[Data provided]
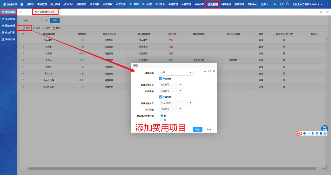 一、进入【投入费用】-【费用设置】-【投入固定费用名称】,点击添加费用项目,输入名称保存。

...

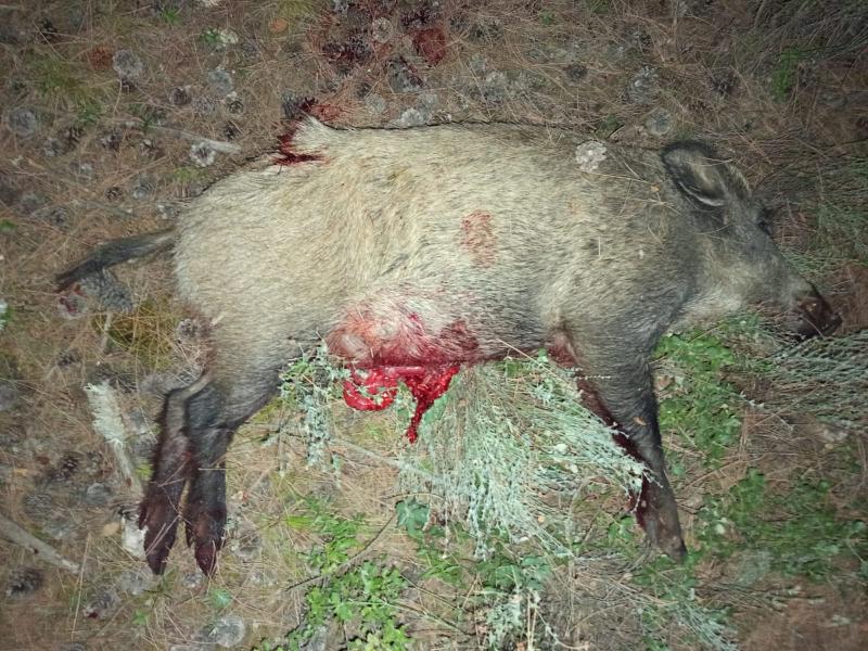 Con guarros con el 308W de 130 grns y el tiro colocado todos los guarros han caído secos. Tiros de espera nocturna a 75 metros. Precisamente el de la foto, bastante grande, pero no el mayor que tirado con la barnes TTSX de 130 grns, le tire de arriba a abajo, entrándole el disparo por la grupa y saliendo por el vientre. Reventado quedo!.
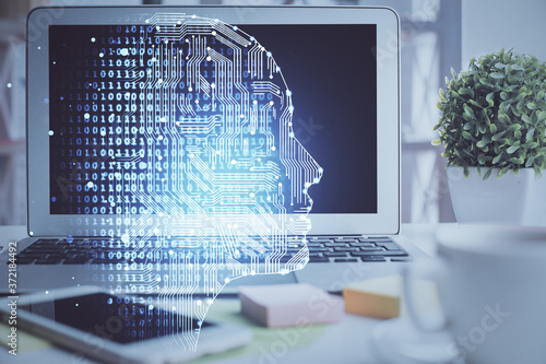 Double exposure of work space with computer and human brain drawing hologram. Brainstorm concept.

[Work order] Among the entries above, take the line with "Con guarros con", the line with "Double exposure of", and all the lines between them, and restate them word for word without pictures.

[Answer to this problem]
 Con guarros con el 308W de 130 grns y el tiro colocado todos los guarros han caído secos. Tiros de espera nocturna a 75 metros. Precisamente el de la foto, bastante grande, pero no el mayor que tirado con la barnes TTSX de 130 grns, le tire de arriba a abajo, entrándole el disparo por la grupa y saliendo por el vientre. Reventado quedo!.
 Double exposure of work space with computer and human brain drawing hologram. Brainstorm concept.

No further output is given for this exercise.